**Dataset entries**
----

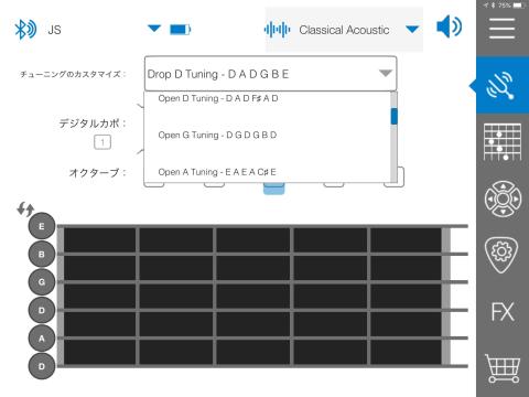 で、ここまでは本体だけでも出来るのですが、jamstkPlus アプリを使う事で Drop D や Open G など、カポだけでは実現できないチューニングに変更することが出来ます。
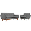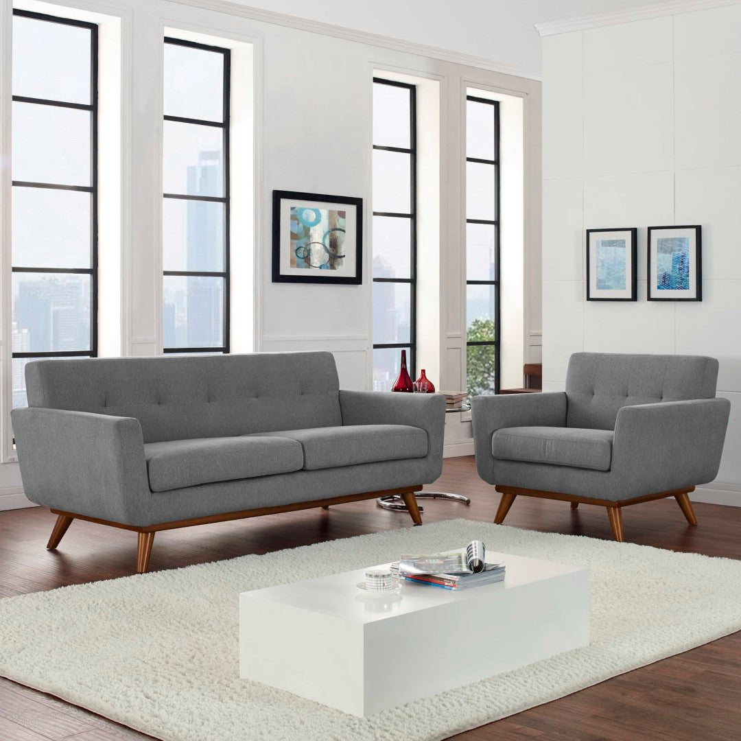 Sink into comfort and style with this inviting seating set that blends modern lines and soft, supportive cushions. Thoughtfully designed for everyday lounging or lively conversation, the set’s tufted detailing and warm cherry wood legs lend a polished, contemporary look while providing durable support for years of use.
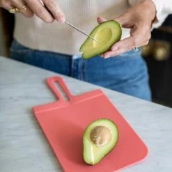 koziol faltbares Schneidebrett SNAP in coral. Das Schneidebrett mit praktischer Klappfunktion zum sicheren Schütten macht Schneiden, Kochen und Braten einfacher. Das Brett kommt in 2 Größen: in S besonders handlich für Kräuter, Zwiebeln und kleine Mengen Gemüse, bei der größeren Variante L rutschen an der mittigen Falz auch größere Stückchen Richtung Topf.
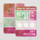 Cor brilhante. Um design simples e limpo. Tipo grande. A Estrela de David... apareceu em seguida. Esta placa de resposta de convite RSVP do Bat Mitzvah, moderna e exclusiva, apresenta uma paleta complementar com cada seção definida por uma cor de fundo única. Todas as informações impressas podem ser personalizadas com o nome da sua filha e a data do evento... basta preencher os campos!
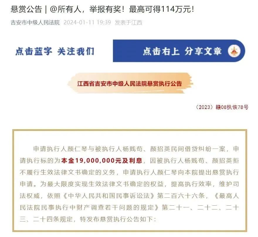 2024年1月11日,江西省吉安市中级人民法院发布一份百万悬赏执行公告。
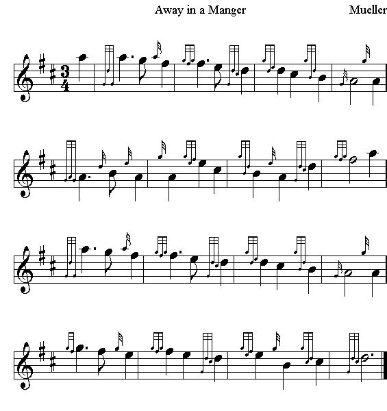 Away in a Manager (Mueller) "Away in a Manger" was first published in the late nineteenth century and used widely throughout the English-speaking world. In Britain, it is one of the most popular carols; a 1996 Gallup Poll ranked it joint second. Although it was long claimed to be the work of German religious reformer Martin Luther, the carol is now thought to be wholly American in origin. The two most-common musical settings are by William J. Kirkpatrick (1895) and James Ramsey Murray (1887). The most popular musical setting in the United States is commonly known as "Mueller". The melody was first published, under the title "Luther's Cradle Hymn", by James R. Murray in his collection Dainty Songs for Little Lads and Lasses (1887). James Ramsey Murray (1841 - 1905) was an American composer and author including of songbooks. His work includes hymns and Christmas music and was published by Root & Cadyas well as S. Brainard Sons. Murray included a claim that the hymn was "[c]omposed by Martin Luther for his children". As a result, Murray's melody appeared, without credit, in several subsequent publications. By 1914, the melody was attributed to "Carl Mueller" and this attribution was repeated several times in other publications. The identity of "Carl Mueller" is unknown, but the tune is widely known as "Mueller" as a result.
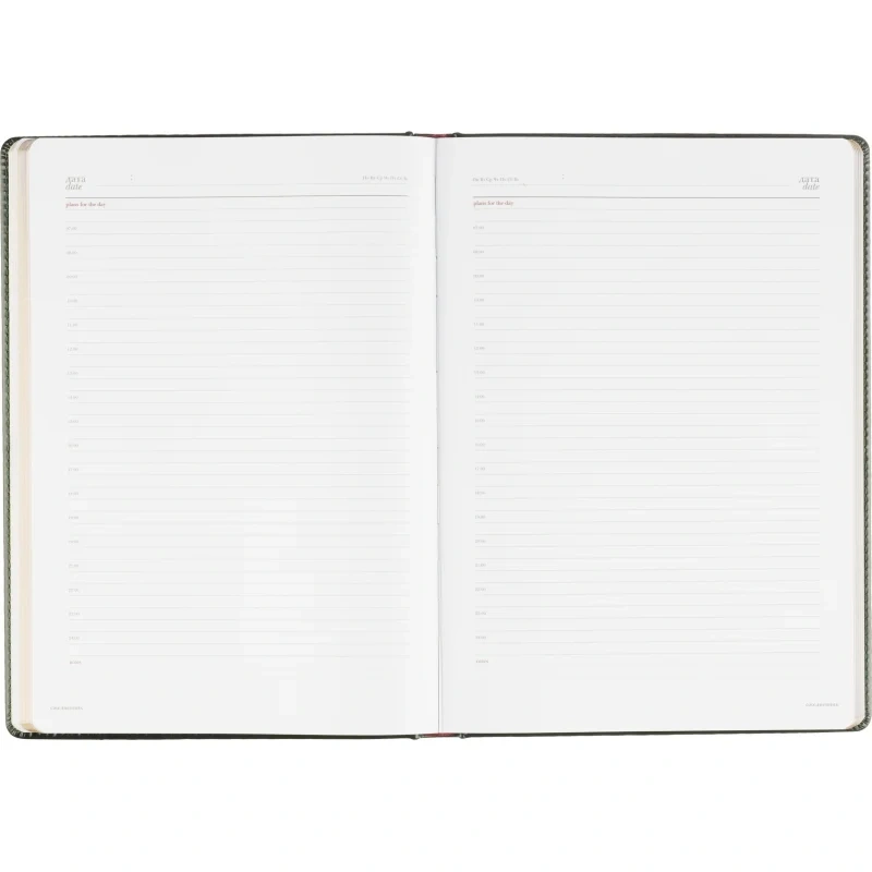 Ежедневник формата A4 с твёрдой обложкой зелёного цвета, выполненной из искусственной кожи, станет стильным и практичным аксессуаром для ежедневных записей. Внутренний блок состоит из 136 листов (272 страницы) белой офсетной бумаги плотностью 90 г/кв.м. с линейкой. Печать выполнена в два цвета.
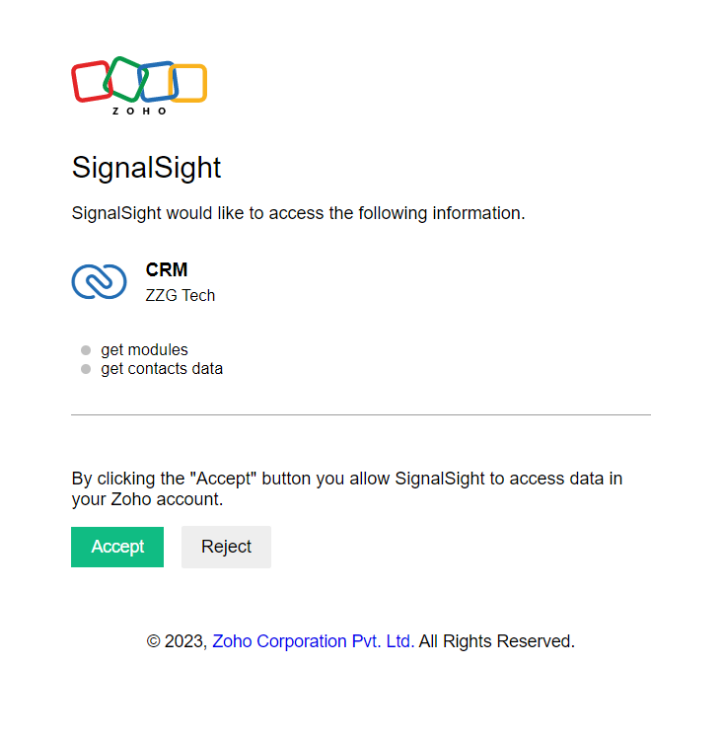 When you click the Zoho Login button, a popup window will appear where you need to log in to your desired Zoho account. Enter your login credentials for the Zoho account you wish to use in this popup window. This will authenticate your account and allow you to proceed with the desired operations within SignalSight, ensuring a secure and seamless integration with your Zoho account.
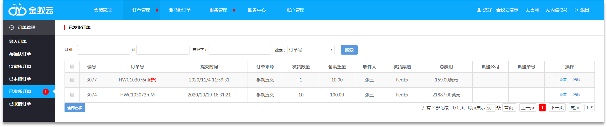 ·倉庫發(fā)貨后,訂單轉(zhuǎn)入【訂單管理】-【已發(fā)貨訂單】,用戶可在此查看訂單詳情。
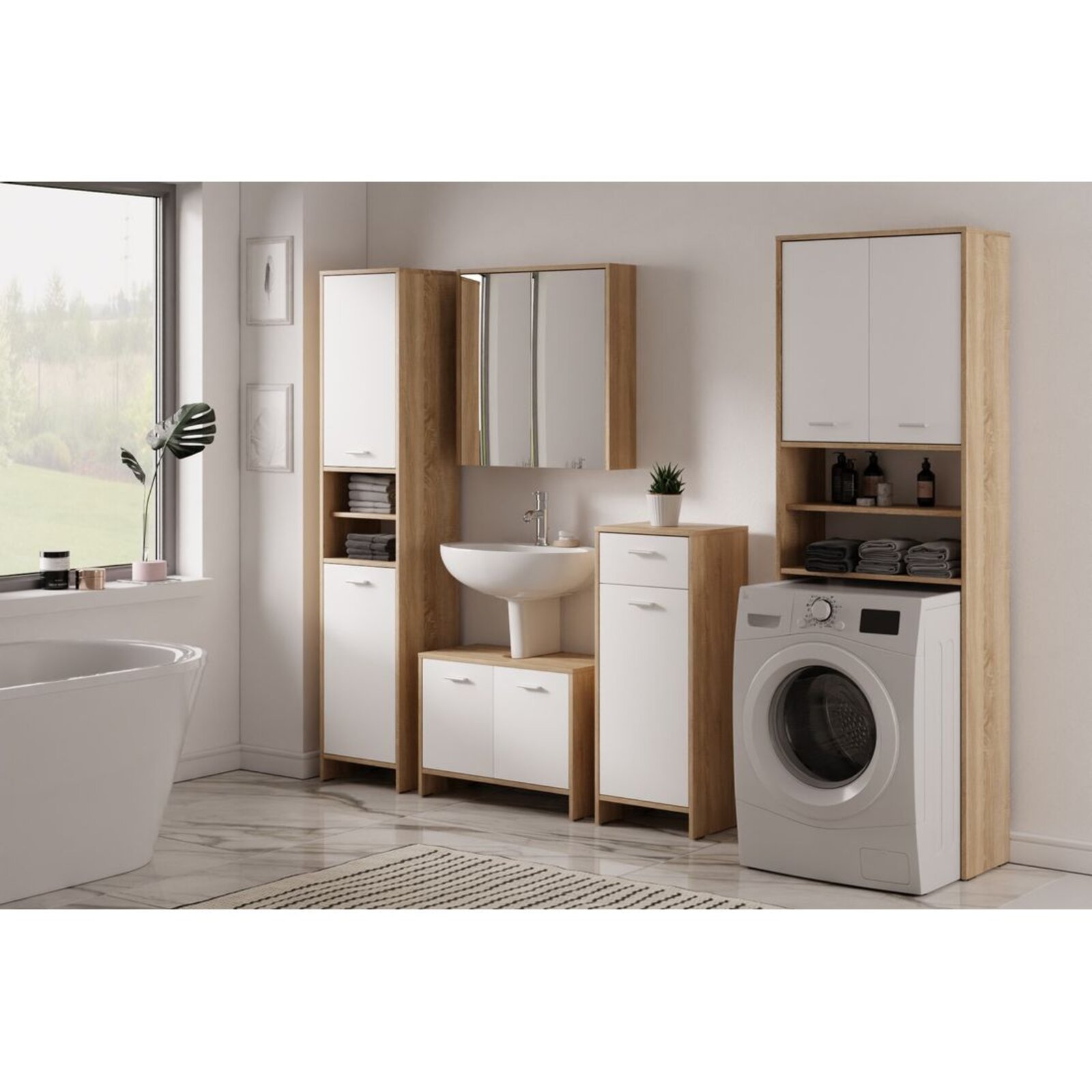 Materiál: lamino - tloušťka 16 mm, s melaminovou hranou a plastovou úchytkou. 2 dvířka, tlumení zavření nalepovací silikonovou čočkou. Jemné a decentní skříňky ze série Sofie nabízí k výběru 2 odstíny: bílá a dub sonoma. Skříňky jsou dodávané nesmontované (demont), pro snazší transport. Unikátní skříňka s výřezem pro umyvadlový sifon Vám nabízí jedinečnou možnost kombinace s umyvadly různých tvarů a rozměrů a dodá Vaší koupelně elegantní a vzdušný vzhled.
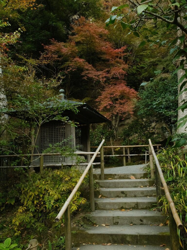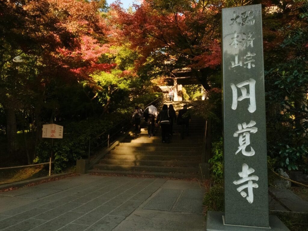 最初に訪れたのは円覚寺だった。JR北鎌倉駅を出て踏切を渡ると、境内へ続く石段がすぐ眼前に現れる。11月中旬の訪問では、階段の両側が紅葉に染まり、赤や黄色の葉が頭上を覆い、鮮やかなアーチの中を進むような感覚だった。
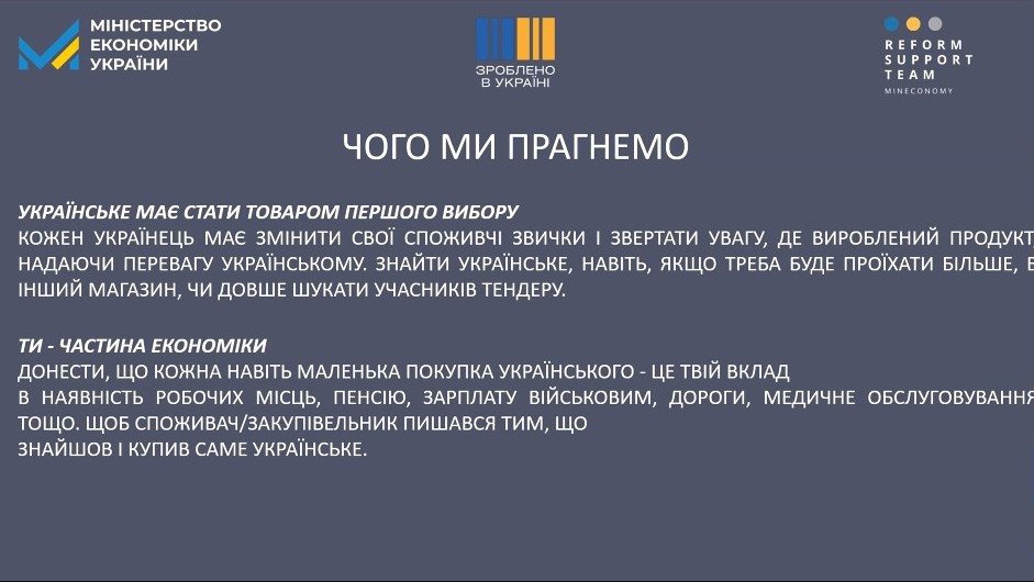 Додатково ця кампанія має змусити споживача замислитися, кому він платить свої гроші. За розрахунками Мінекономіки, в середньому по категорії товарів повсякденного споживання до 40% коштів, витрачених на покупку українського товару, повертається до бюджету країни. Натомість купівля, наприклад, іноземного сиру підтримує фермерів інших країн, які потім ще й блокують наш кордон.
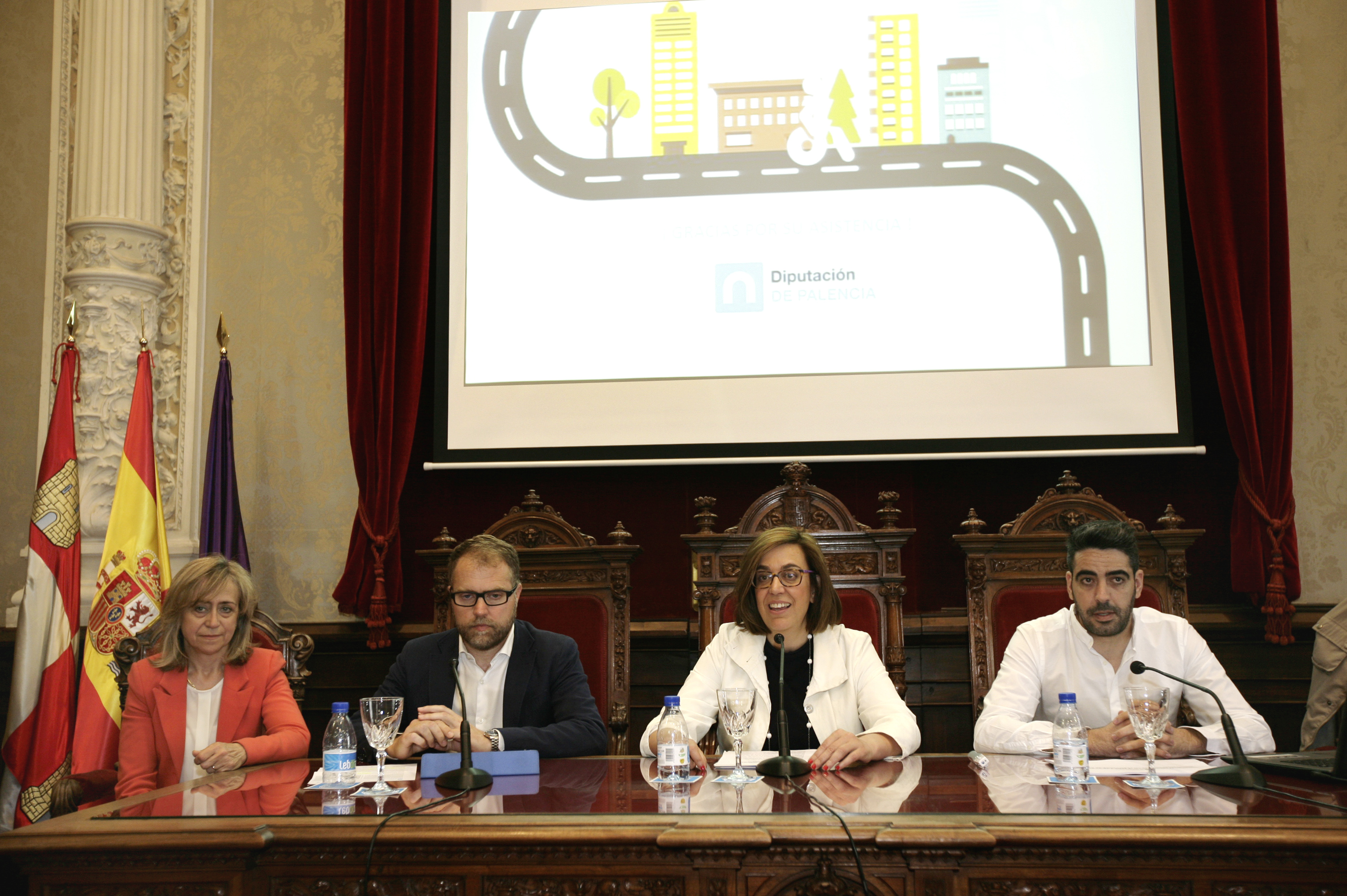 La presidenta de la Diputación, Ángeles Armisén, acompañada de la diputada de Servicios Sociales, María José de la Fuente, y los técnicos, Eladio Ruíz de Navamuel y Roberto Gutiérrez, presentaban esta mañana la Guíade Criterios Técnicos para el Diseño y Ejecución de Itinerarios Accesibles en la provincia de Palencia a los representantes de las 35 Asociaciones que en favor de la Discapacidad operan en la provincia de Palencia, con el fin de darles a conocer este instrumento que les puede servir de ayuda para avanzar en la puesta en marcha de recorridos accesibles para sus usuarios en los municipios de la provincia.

----

**EXERCISE REQUIREMENTS**
Please copy out from the data above, without any picture, exactly the lines running from the one that holds "When you click" through the one that holds "Materiál: lamino - tloušťka", and nothing beyond them.

**WRITTEN RESPONSE**
 When you click the Zoho Login button, a popup window will appear where you need to log in to your desired Zoho account. Enter your login credentials for the Zoho account you wish to use in this popup window. This will authenticate your account and allow you to proceed with the desired operations within SignalSight, ensuring a secure and seamless integration with your Zoho account.
 ·倉庫發(fā)貨后,訂單轉(zhuǎn)入【訂單管理】-【已發(fā)貨訂單】,用戶可在此查看訂單詳情。
 Materiál: lamino - tloušťka 16 mm, s melaminovou hranou a plastovou úchytkou. 2 dvířka, tlumení zavření nalepovací silikonovou čočkou. Jemné a decentní skříňky ze série Sofie nabízí k výběru 2 odstíny: bílá a dub sonoma. Skříňky jsou dodávané nesmontované (demont), pro snazší transport. Unikátní skříňka s výřezem pro umyvadlový sifon Vám nabízí jedinečnou možnost kombinace s umyvadly různých tvarů a rozměrů a dodá Vaší koupelně elegantní a vzdušný vzhled.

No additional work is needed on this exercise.